**EXERCISE OBJECTIVE:**
Find the line with "Aan de voorzijde" in the records below. Output exactly from there until after the line with "ここはご朱印帳がかわいくって", without pictures.

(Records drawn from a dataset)
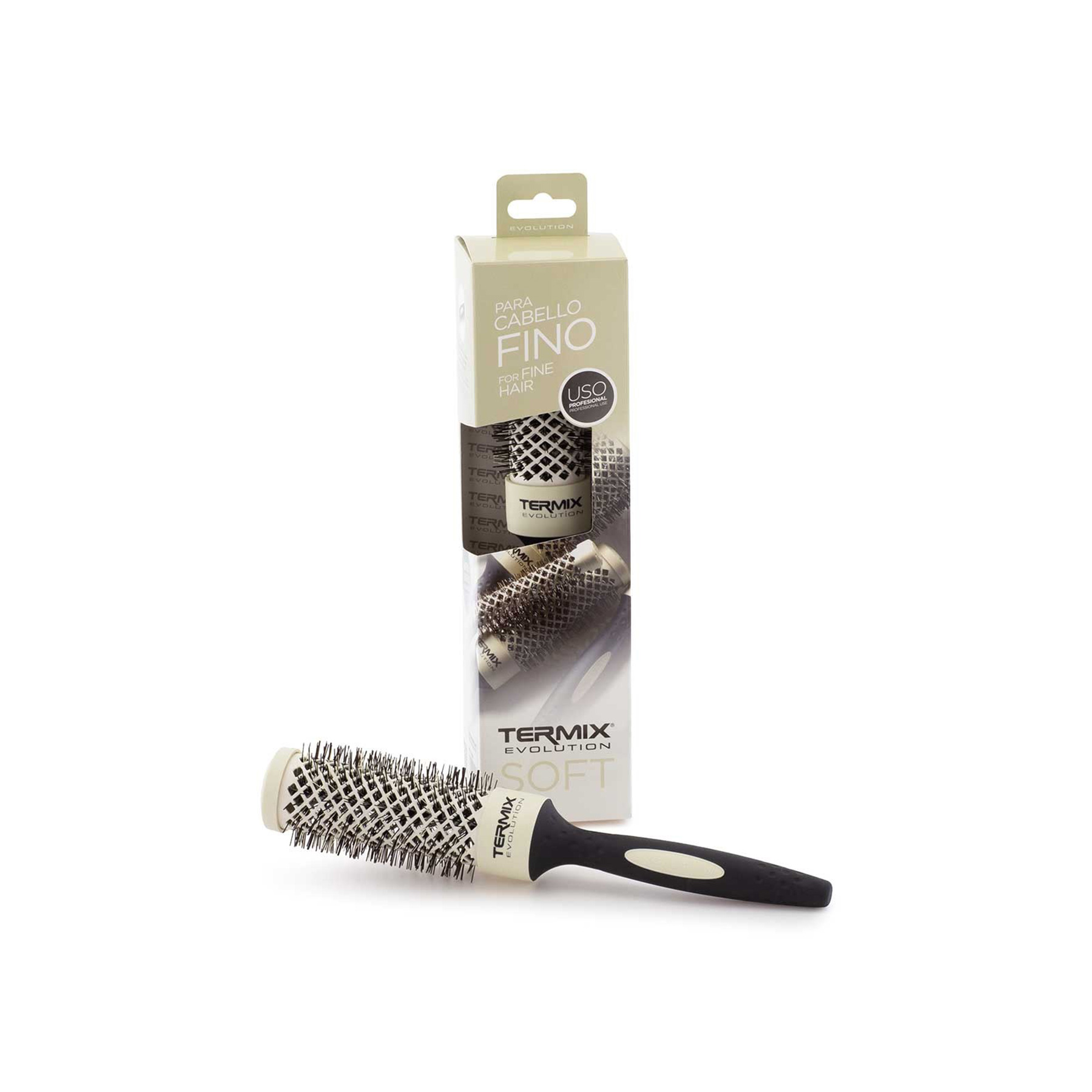 Četka za kosu Termix Evolution Soft posebno je dizajnirana za njegu tanke kose s tendencijom lakog pucanja. Budući da je ova vrsta dlake krhka, potrebno je mekše vlakno kako bi se omogućilo bolje prijanjanje dlake na četki, a izbjeglo bilo kakvo lomljenje. Dakle, četka za kosu Evolution Soft jedina je dizajnirana da spriječi lomljenje kose i pogoršanje vlasi kose zbog svog unakrsnog sustava ioniziranih najlonskih čekinja tankog promjera i mikrofilamenata u bež boji. Ovaj sustav omogućuje bolji zahvat bez oštećenja kose i pruža učinak povećane gustoće kapilara.
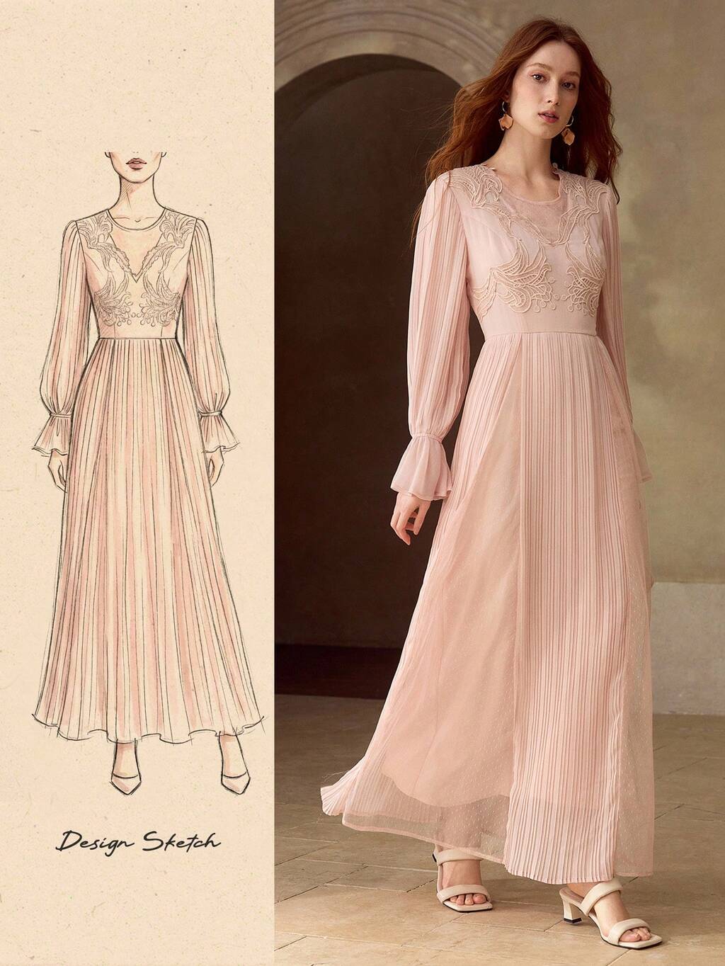 SEQUIN & VELVET 패치워크 피티드 드레스, 가을/겨울
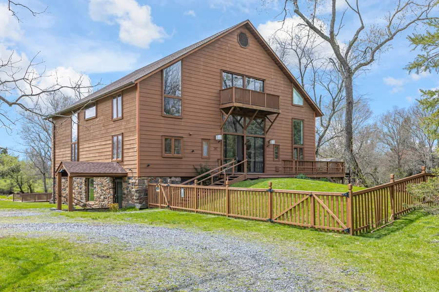 With the D&R Canal edging one side and preserved natural land bordering the 3 other sides, this peaceful, offering has that worlds-away country feel within 47 miles of NYC and 8 miles of Princeton. The masterfully converted bank barn has views of a working Christmas tree farm, on a lot of its own and adjacent to a pond and stream. Presenting the chance to live in one-of-a-kind comfort, the dramatic stone and clapboard barn is full of rustic contemporary allure thanks to the talents of renowned local architect, Jerry Ford. Huge beams accentuate soaring ceilings and oversized windows welcome in light and protected views of the grounds. Some space is wide open, ideal for gathering groups. A library, featuring floor-to-ceiling bookshelves, and a study with a reading nook, are cozy spots to escape. The upper bedroom suites are beyond spacious, while the ground floor offers guests the independ...
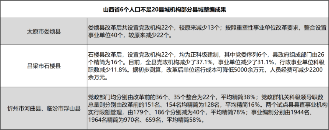 前兩年,安徽、湖南、山西、青海早早就開啟了人口小縣機(jī)構(gòu)編制改革,多個(gè)行政部門被撤,部分事業(yè)單位編制被縮減,有的縣域縮編人數(shù)甚至超過千人。
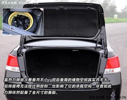 車內(nèi)有有一處超大的眼鏡存放處,這么大的眼鏡盒還是真的很少見,不僅能放下普通眼鏡,按尺寸看,連雷鵬的大墨鏡放在里面也應(yīng)該沒有什么問題,內(nèi)置絨布,以防止鏡面與內(nèi)壁的摩擦。雖然眼鏡盒超大,可該大的地方卻并不如人所愿,在外觀上和內(nèi)飾上,力獅看著都不小,但偏偏后備箱的儲物空間卻不大,后排座椅也無法按比例放倒,同樣影響了承載空間。盡管后備廂空間不是那么的大,但力獅依然配備了全尺寸的備胎,如果換成非全尺寸的話,空間應(yīng)該也會得到些許的提升吧。
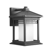 Square etched glass shade within rectilinear frame which showcases pierced grid pattern. One-light medium wall lantern in a durable powder coat finish.
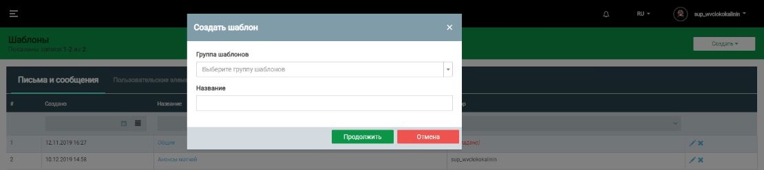 После заполнения полей выше необходимо нажать на кнопку «Продолжить». После чего откроется окно для создания шаблона рассылки
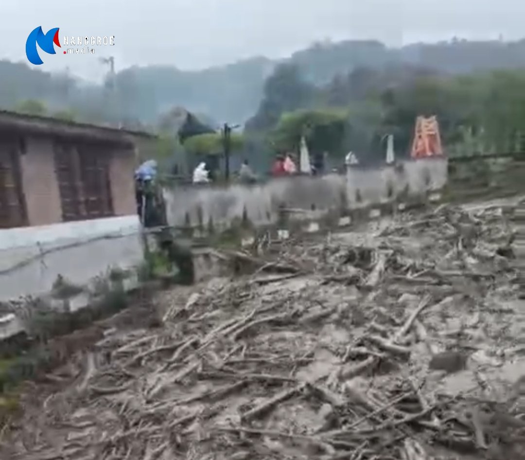 Tampak terlihat, air bercampur lumpur dan kayu gelondongan melintas di sungai tersebut. Warga di lokasi pun sempat panik, yang mana sebelumnya masyarakat di Kabupaten sempat telah mengalami banjir bandang dan tanah longsor beberapa bulan lalu.
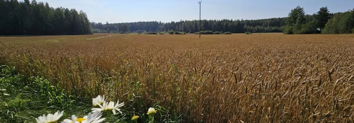 Reitti saapuu pellon laitaan. Sadonkorjuu taisi olla menossa muutaman sadan metrin päässä.
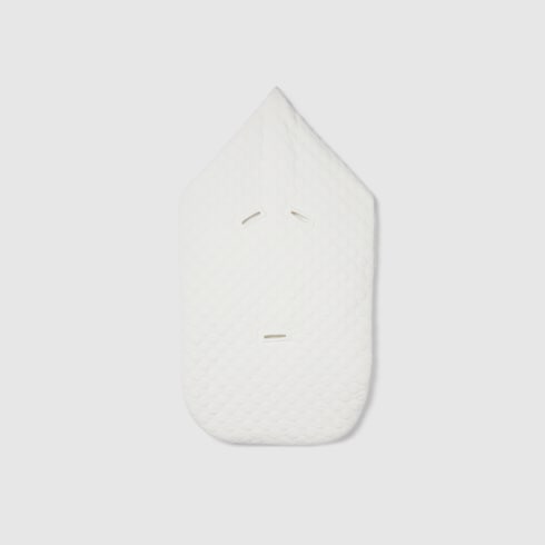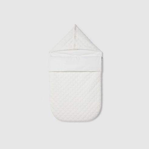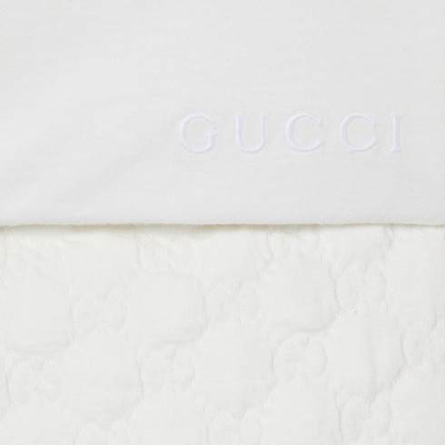 From prints to embroidered details, the House name and logo appears in various forms on a selection of ready-to-wear and accessories for Pre-Fall 2025. This baby nest has been made from padded GG jersey with a Gucci embroidery.
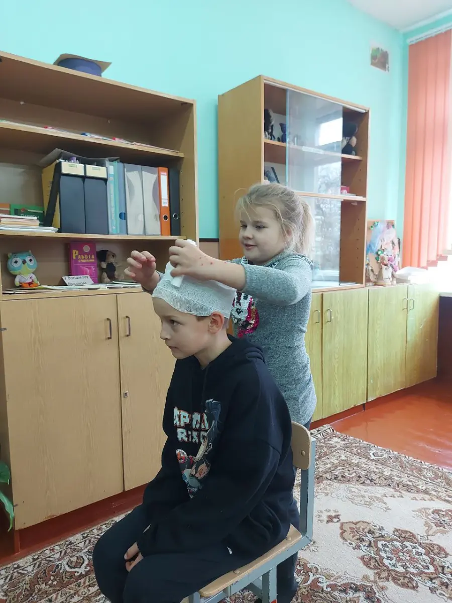 С особым интересом школьники попробовали себя в роли «санитарок», переносивших раненых, и оказывающих медицинскую помощь.
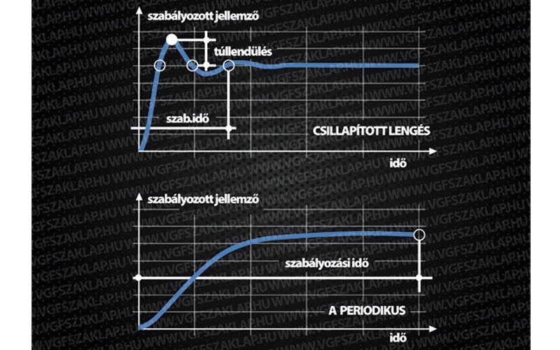 Azt, hogy a szabályozott jellemző zavarás hatására történő megváltozását milyen mértékű visszacsatolás ellensúlyozza, azt a jelváltozások „erőssége”, a szabályozási kör erősítése határozza meg. Ha az erősítés nagy, akkor a rendszer gyorsan és erőteljesen reagál, a szabályozott jellemző változása gyors. Fordítva, kis erősítés lassú változást idéz elő. Kellően nagy erősítésnél a meleg víz hőmérséklete gyorsan változik (pl. növekszik), azonban túl is lépi a kívánt értéket. Túllendülés következik be. Jó esetben csillapodó lengéssel éri el az állandósult állapotbeli értéket (4. ábra). Ez ugyan eltér az előző nyugalmi állapotban mérhetőtől, de a különbség a nagy erősítés miatt csekély. Csökkentve az erősítést, a túllendülés mértéke is csökken. Elérkezünk ahhoz az esethez, hogy a hőmérséklet túllendülés nélkül, ún. aperiodikus függvény szerint változik. A kisebb erősítés miatt a maradó eltérés viszont nagyobb lesz. A szabályozási idő is hosszabb. Indokolt tehát az erősítést nagyra választani. Nagyra, de nem túl nagyra, abban az esetben ugyanis a túllendülés is nagy lenne, sőt a lengések nem csillapodnának. A rendszer állandó lengésben maradna, a vízhőmérséklet folyamatosan ingadozna. A szabályozó szünet nélkül mozgásban lenne, gyorsan elhasználódna, meghibásodna. Fontos feladat tehát a szabályozót és a hőcserélőt úgy méretezni, hogy az erősítés a megengedhető értéket ne lépje túl. Egyébként magának a túllendülésnek ennél az alkalmazásnál nincsen különösebb hátránya.
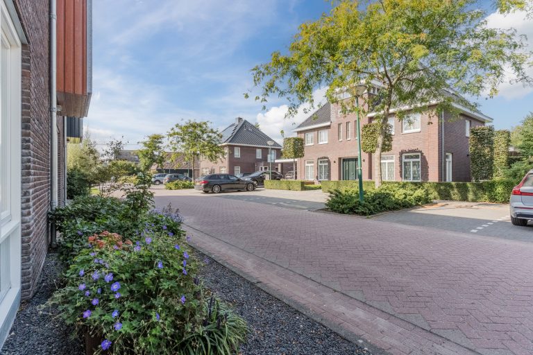 Aan de voorzijde bevindt zich de eigen oprit. De hoekligging zorgt voor extra privacy en een ruim gevoel rondom de woning.
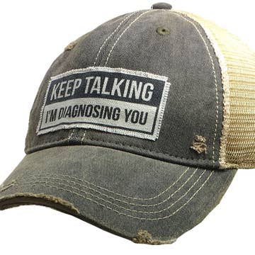 Vintage distressed trucker cap "Keep Talking I'm Diagnosing You" Color: Black distressed Material: cotton/polyester blend, mesh back. Size: one size fits most, with an adjustable snap back strap. Unisex cap.
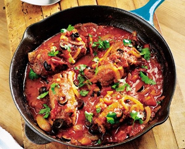 - نضع الزيت في مقلاة كبيرة على نار عالية ونقلي كل شريحة لحم حتى تكتسب لوناً على الوجهين ثم نضعها جانباً . نضيف شرائح البصل والثوم إلى المقلاة ونحرك على نار متوسطة لمدة 5 دقائق، ثم نعيد اللحم إلى المقلاة ونضع الطماطم المقطعة . نملأ نصف المقلاة بالماء ونضيف الزيتون ونتركها تغلي على نار هادئة لمدة 20 دقيقة مع التحريك من حين لآخر حتى تقل كمية الصلصة قليلاً .
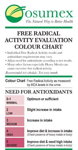 -. Binding : Health and Beauty -. Brand : Osumex -. EAN : 0705105304618 -. Feature : A simple kit that tests for free radical activity in the body using urine / It tests for Malondialdehyde (MDA) which is a by-product of free radical activity / It is 50 times more accurate than a blood test / Simple and easy to use at home with results in minutes -. Label : Osumex -. Manufacturer : Osumex -. PackageQuantity : 1 -. ProductGroup : Health and Beauty -. ProductTypeName : HEALTH_PERSONAL_CARE -. Publisher : Osumex -. Studio : Osumex -. Title : Osumex Free Radical Test Kit -. UPC : 705105304618
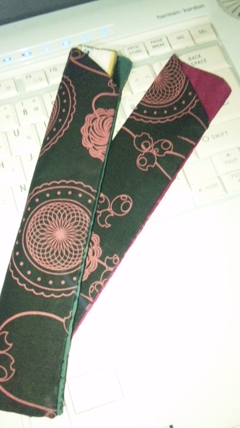 ここはご朱印帳がかわいくってね。このピンクと黒の桜模様のなんですけど、友人が購入するっていうので一緒におくってもらって使っています。
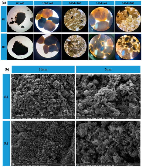 As seen in Figure 4a, the inoculated AGS had a clear boundary and dense structure, similar to the observations made by other researchers [24,25]. After 100 days of domestication, they were removed from the bottom of the reactor and observed using microscopy at 40× and 100× magnification, respectively. The observations showed that the proportion of granular sludge with yellowish-brown color increased in the R1 and R2 reactors, which proved that the color change of granular sludge was a surface-to-surface process, presumably since the surface layer of granular sludge was more accessible to the sufficient substrate for metabolism, which was the same as the results of Liu et al. [26].At the end of the domestication period, microscopic observation of the samples retaken revealed that the color of granular sludge in both R1 and R2 reactors was predominantly reddish-brown, containing very little black granular material, which was presumed to be inorganic salt precipitates, and the formation of inorganic precipitates in granular sludge would accelerate the process of sludge granulation [27].
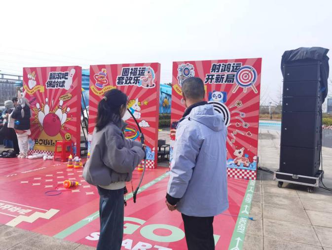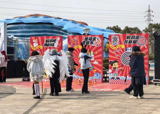 在潮流体验之外,景区传统年味氛围浓厚。海豚明星与驯养员共舞送福,趣味科普课堂传递海洋保护理念,马年元素与红色装饰遍布全场,“骐骥驰骋”的新春氛围拉满。外广场年味摊位热闹非凡,热饮零食随心选,套圈、射箭等民俗游戏趣味十足,工作人员全程互动,让传统年俗焕发新活力。
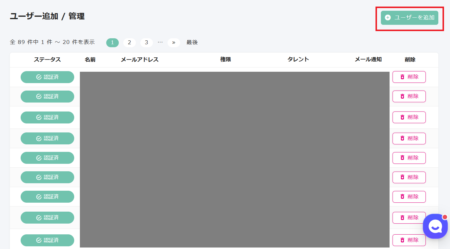 ※ ユーザーを追加するためには、「管理責任者」「管理者」のどちらかの権限が必要です。
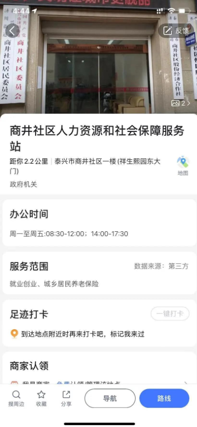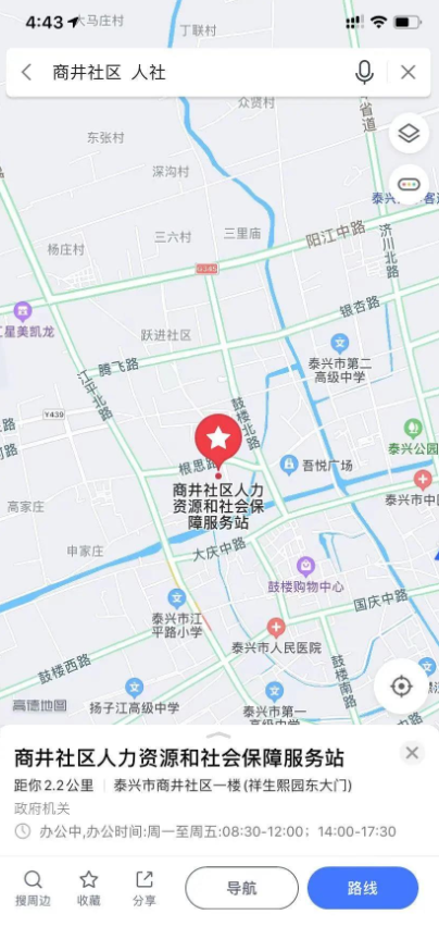 “人社電子地圖”功能借助高德電子地圖開放接口,實現(xiàn)泰興市級、鎮(zhèn)街、社區(qū)(村)人社三級服務(wù)網(wǎng)絡(luò)公共服務(wù)機構(gòu)電子地圖定位,具有直觀、可視的特點。高德地圖用戶只需搜索所在的村或社區(qū)加關(guān)鍵詞“人社”,就可以獲取最近的人社服務(wù)站地點。地圖不僅能提供就近辦事地點查詢及路線導(dǎo)航的服務(wù),還提供服務(wù)機構(gòu)詳細地址、辦事時間及服務(wù)事項等信息,為辦事群眾及企業(yè)提供更為清晰明確的指引。
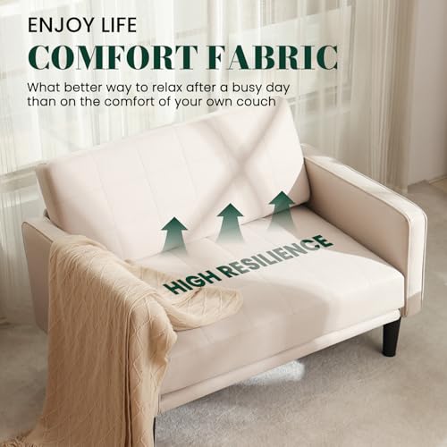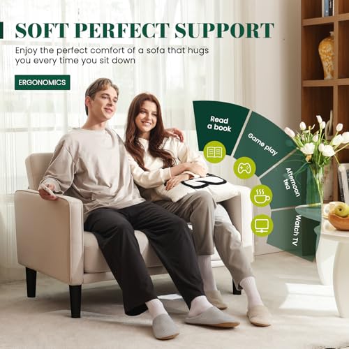 Specification: 45″ Beige Comfy Loveseat Sofa for Small Spaces, Small Sofa with Removable Washable Cover, High Density Foam Cushions, Solid Wood Frame, Ideal for Apartments, Easy to Assemble
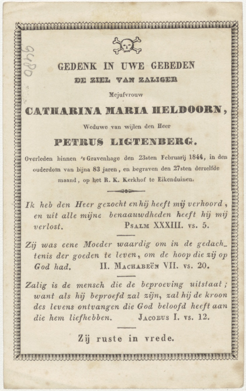 H. Rosalie (Frans), kz. Bid voor ziel Heldoorn-Ligtenberg (+1844) s-Gravenhage

**ANSWER TO THIS PROBLEM:**
 Aan de voorzijde bevindt zich de eigen oprit. De hoekligging zorgt voor extra privacy en een ruim gevoel rondom de woning.
 Vintage distressed trucker cap "Keep Talking I'm Diagnosing You" Color: Black distressed Material: cotton/polyester blend, mesh back. Size: one size fits most, with an adjustable snap back strap. Unisex cap.
 - نضع الزيت في مقلاة كبيرة على نار عالية ونقلي كل شريحة لحم حتى تكتسب لوناً على الوجهين ثم نضعها جانباً . نضيف شرائح البصل والثوم إلى المقلاة ونحرك على نار متوسطة لمدة 5 دقائق، ثم نعيد اللحم إلى المقلاة ونضع الطماطم المقطعة . نملأ نصف المقلاة بالماء ونضيف الزيتون ونتركها تغلي على نار هادئة لمدة 20 دقيقة مع التحريك من حين لآخر حتى تقل كمية الصلصة قليلاً .
 -. Binding : Health and Beauty -. Brand : Osumex -. EAN : 0705105304618 -. Feature : A simple kit that tests for free radical activity in the body using urine / It tests for Malondialdehyde (MDA) which is a by-product of free radical activity / It is 50 times more accurate than a blood test / Simple and easy to use at home with results in minutes -. Label : Osumex -. Manufacturer : Osumex -. PackageQuantity : 1 -. ProductGroup : Health and Beauty -. ProductTypeName : HEALTH_PERSONAL_CARE -. Publisher : Osumex -. Studio : Osumex -. Title : Osumex Free Radical Test Kit -. UPC : 705105304618
 ここはご朱印帳がかわいくってね。このピンクと黒の桜模様のなんですけど、友人が購入するっていうので一緒におくってもらって使っています。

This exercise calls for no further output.